Supports: - SFT (Supervised Fine-Tuning) - DPO (Direct Preference Optimization) — train from human preferences - PPO (Proximal Policy Optimization) — RL fine-tuning - LoRA / QLoRA — parameter-efficient fine-tuning that fits on consumer GPUs (12-24GB VRAM is enough for 7B models in 4-bit)
Minimal SFT example (paste this into a HF script, NOT into LARGESTACK):
from trl import SFTTrainer
from transformers import AutoModelForCausalLM, AutoTokenizer
model = AutoModelForCausalLM.from_pretrained("Qwen/Qwen2.5-7B")
tokenizer = AutoTokenizer.from_pretrained("Qwen/Qwen2.5-7B")
trainer = SFTTrainer(
model=model,
tokenizer=tokenizer,
train_dataset=my_dataset, # HF Datasets format
max_seq_length=2048,
)
trainer.train()
trainer.save_model("./my-fine-tuned-model")
Then serve via vLLM or Ollama, and point LARGESTACK at it:
agent = Agent(name="ft", llm="ollama/my-fine-tuned-model")
# Or:
agent = Agent(name="ft", llm="openai/my-model",
base_url="http://localhost:8000/v1") # vLLM OpenAI-compatible endpoint
3. Axolotl (config-file driven fine-tuning)
If you don't want to write any Python:
- Repo: https://github.com/axolotl-ai-cloud/axolotl
- Define training in a YAML config;
axolotl train config.ymldoes everything. - Used by many open-source model releases (e.g. Wizard, Nous-Hermes).

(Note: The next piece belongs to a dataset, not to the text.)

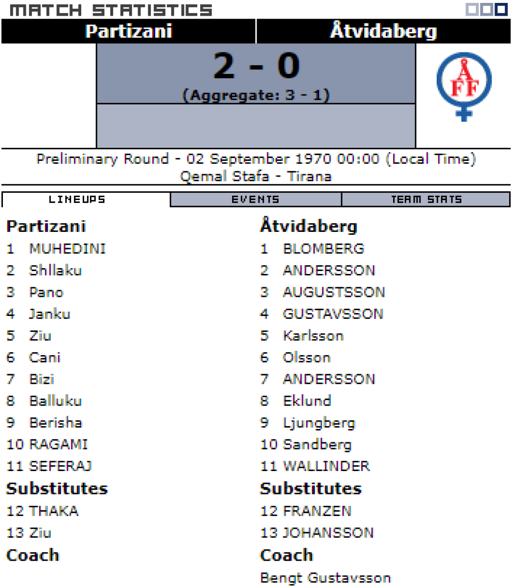 «Партизани» Тирана - «Отвидаберг» Отвидаберг - 2:0
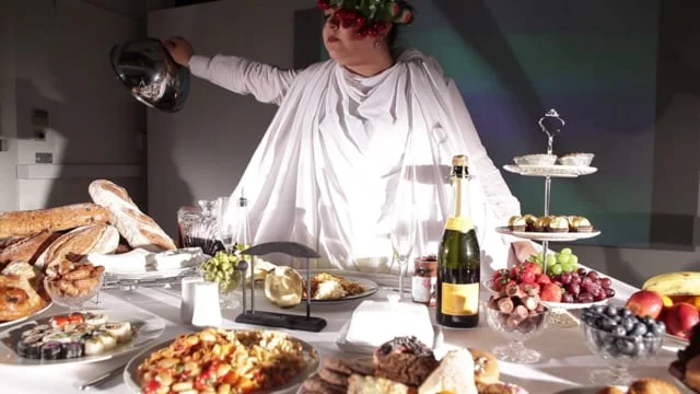 Film-still of performance. Performance consisted of a spoken-word poem delivered whilst attempting to consume as much food as possible from the banquet installation. Live-feed of the artist’s mouth was projected behind. Watch video documentation of the full performance below.

4. Unsloth (faster, lower memory)
- Repo: https://github.com/unslothai/unsloth
- 2x faster training, 50% less memory than vanilla HF.
- Same API as TRL — drop-in replacement for SFTTrainer.
Dataset format
All of these tools expect data in JSONL with chat-completion format:
{"messages": [{"role": "system", "content": "You are a helpful assistant."}, {"role": "user", "content": "What is 2+2?"}, {"role": "assistant", "content": "4"}]}
{"messages": [{"role": "user", "content": "Capital of France?"}, {"role": "assistant", "content": "Paris"}]}
LARGESTACK doesn't generate this for you, but you can extract it from your existing trace database:
import sqlite3, json
# Read LARGESTACK traces
db = sqlite3.connect("~/.largestack/traces.db")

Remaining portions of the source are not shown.